__INPUT MATERIAL__:
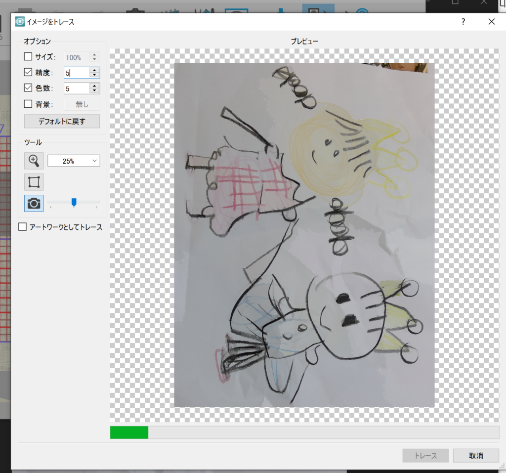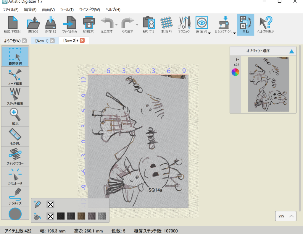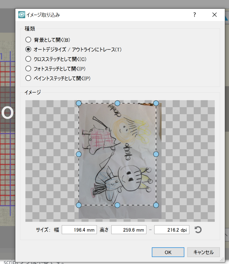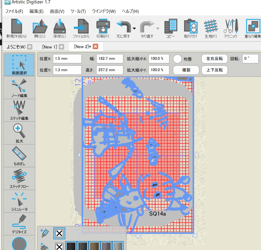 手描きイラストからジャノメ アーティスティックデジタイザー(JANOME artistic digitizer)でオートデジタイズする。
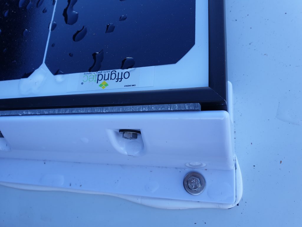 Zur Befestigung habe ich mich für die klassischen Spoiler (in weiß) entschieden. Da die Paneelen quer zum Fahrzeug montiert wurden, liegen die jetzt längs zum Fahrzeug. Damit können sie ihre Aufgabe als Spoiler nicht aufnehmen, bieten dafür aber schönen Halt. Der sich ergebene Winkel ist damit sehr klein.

* * *

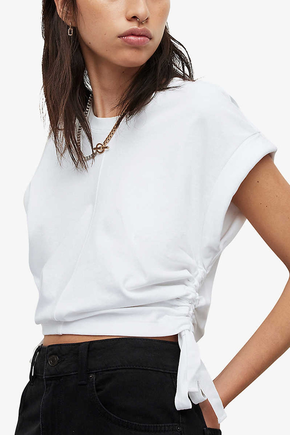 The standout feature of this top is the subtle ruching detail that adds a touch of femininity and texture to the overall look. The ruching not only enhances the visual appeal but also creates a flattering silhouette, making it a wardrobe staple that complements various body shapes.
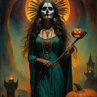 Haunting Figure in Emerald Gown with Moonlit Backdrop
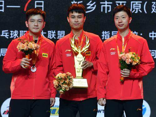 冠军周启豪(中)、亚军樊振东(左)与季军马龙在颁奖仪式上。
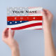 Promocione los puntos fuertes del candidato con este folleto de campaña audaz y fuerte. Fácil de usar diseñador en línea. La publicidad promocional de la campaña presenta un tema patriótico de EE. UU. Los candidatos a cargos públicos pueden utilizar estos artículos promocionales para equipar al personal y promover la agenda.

__WHAT THIS TASK INVOLVES__:
All that is wanted is the lines above between the one containing "手描きイラストからジャノメ アーティスティックデジタイザー(JANOME artistic" and the one containing "Zur Befestigung habe", inclusive, restated word for word, with pictures omitted.

__RESPONSE TO THE TASK__:
 手描きイラストからジャノメ アーティスティックデジタイザー(JANOME artistic digitizer)でオートデジタイズする。
 Zur Befestigung habe ich mich für die klassischen Spoiler (in weiß) entschieden. Da die Paneelen quer zum Fahrzeug montiert wurden, liegen die jetzt längs zum Fahrzeug. Damit können sie ihre Aufgabe als Spoiler nicht aufnehmen, bieten dafür aber schönen Halt. Der sich ergebene Winkel ist damit sehr klein.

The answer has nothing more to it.